You could say the same thing about ambulance and police sirens in the dead of the night... I'm the only one who wakes up in the morning refreshed and wondering why hearing people are so cranky LOL.

However, about music. I grew up in a family who loves music on both sides of the family. As a child, I used to feel special because I was the only one who got to sit on my uncle's lap with his guitar on MY lap while he strummed the instrument. I could feel the music vibrations... I'm trying to think how to describe how it FELT to me... Some short beats "m", "m", "m", then long "mmmmm"... I don't know if this actually makes sense to you who either hear or used to hear. I think the long beat was the bass? I'm not doing a good job of explaining how it felt to the touch. I also sat next to my aunt and touched HER guitar.
On my mother's side I used to watch my uncles playing the sax, trumpet and trombome ( I used to play with that one as it was fun to move that tube-like part that is moveable), as well as the recorder. My grandmother had a HUGE piano that looked like it was from the 1930s... I loved to play the loud end of the piano... POOR hearing family members!

For me, the ability to hear wasn't essential to enjoy the vibrations of the music. Music just had to be LOUD no matter how bad the music was. It could be Chopin, or rock, and I'd never know the difference.

Shelley

Anonymous said...

Kim: I like your blog and the way you talk about things. Your English is easy to understand.

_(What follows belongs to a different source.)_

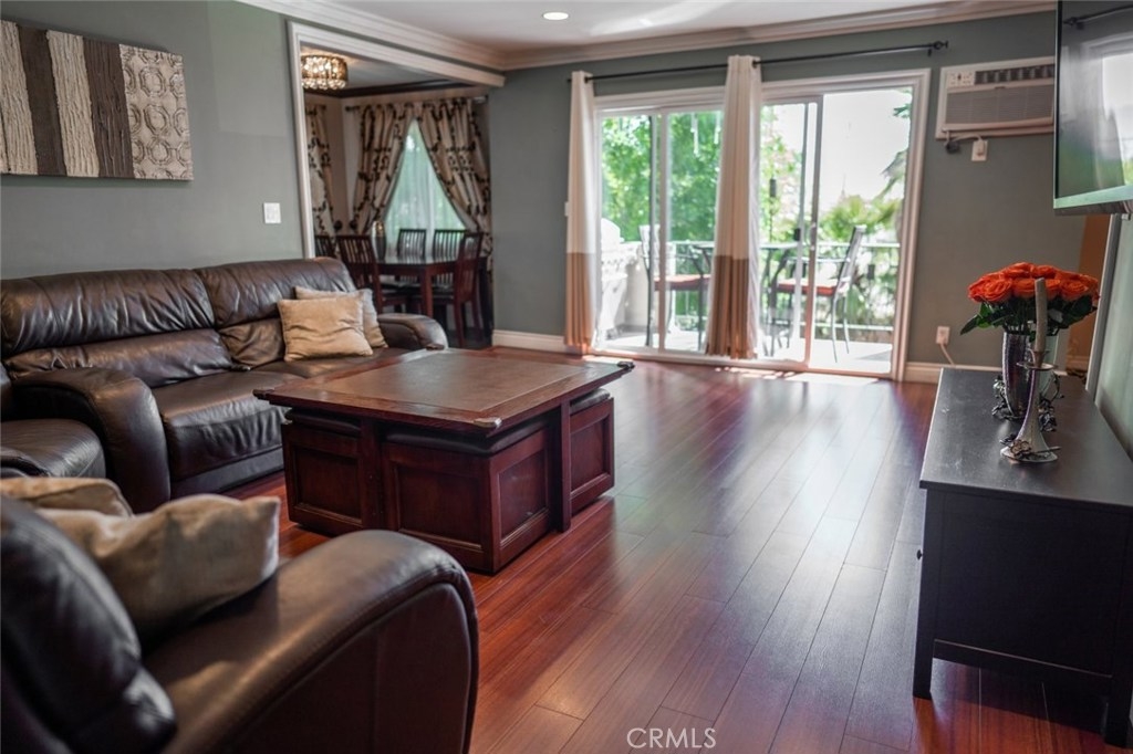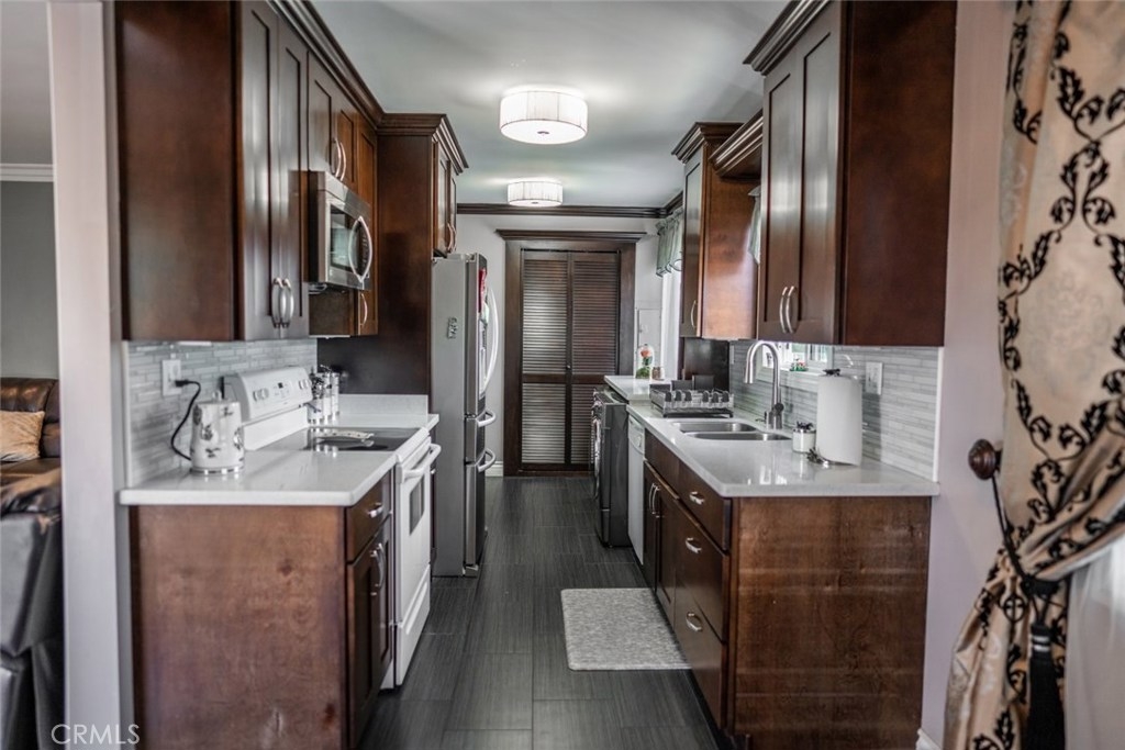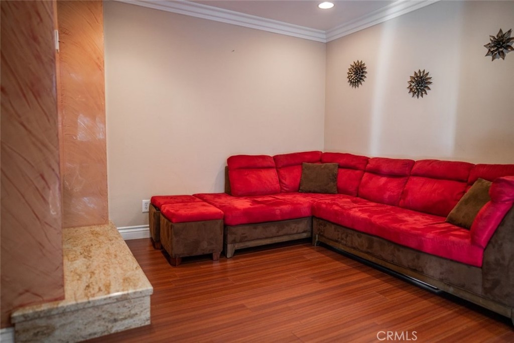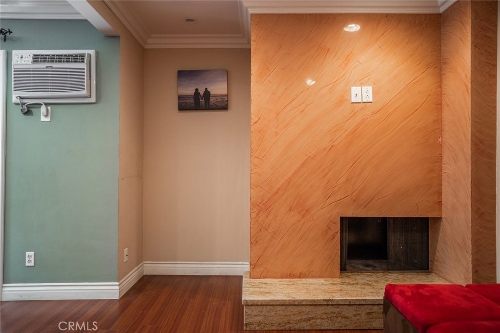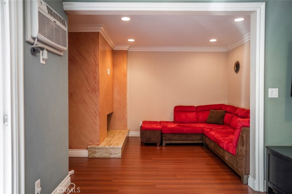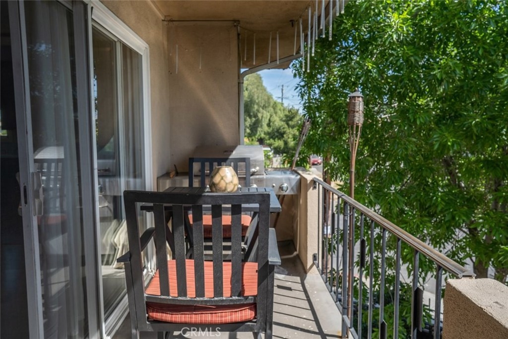 Nestled in North Hollywood is a charming unit featuring 2 bedrooms, 2 bathrooms and 1,195-SQFT of living space. Throughout the unit find impressive laminate and tile flooring, baseboard moldings and smooth ceilings equipped with recessed lighting. The unique floor-plan provides a nice sized living room with an additional bonus area/den that has a cozy fireplace. Sliding glass doors in the living room help pave your way out to a private patio with a tree top view. Stunning Galley kitchen with dark wooden cabinetry, sleek smooth counter-tops, glass tile mosaic back-splash and built-in appliances. Bathrooms are beautifully designed with granite counter-tops. Bedrooms are well-illuminated with natural light offering ample closet space. Not only is this unit located in a well-kept secured building, and centrally located just minutes away from Ralphs, Bank of America and the Valley Plaza, movie theaters and much more.

I am from Taiwan, in Asia. I am a grad student study on deaf culture.

I had an interesting process from hearing culture to Deaf culture.

There was time I envy deaf friends. They sign smoothly, when I don't. Sign language is very beautiful to me when I know it better and better.

I wonder if deaf people "feel" beautiful on ASL or other sign language. Maybe you are used to it.

For study, I went to deaf church in the past year. These two weeks I went back to my hearing church and surprised by the music in church.

I was too used to music, but when I come back from deaf culture I can really "feel" the music again. At the moment I fear that sometime I may lost hearing as well.

Some of my deaf students feel "fear" when I ask them to close eyes. They depends on seeing very much.

The fear to lost seeing may help deaf friends to imagine lost hearing of a music lover.

From deaf to hearing, there are many kinds of situation, people are various. Each one is unique.

If we understand it, we won't ask others to be "the same" with us. And we can love the unique "I", no matter deaf, hearing, loss hearing, or any other situation.

p.s I think dance is a good way to deaf to understand music. How do you think?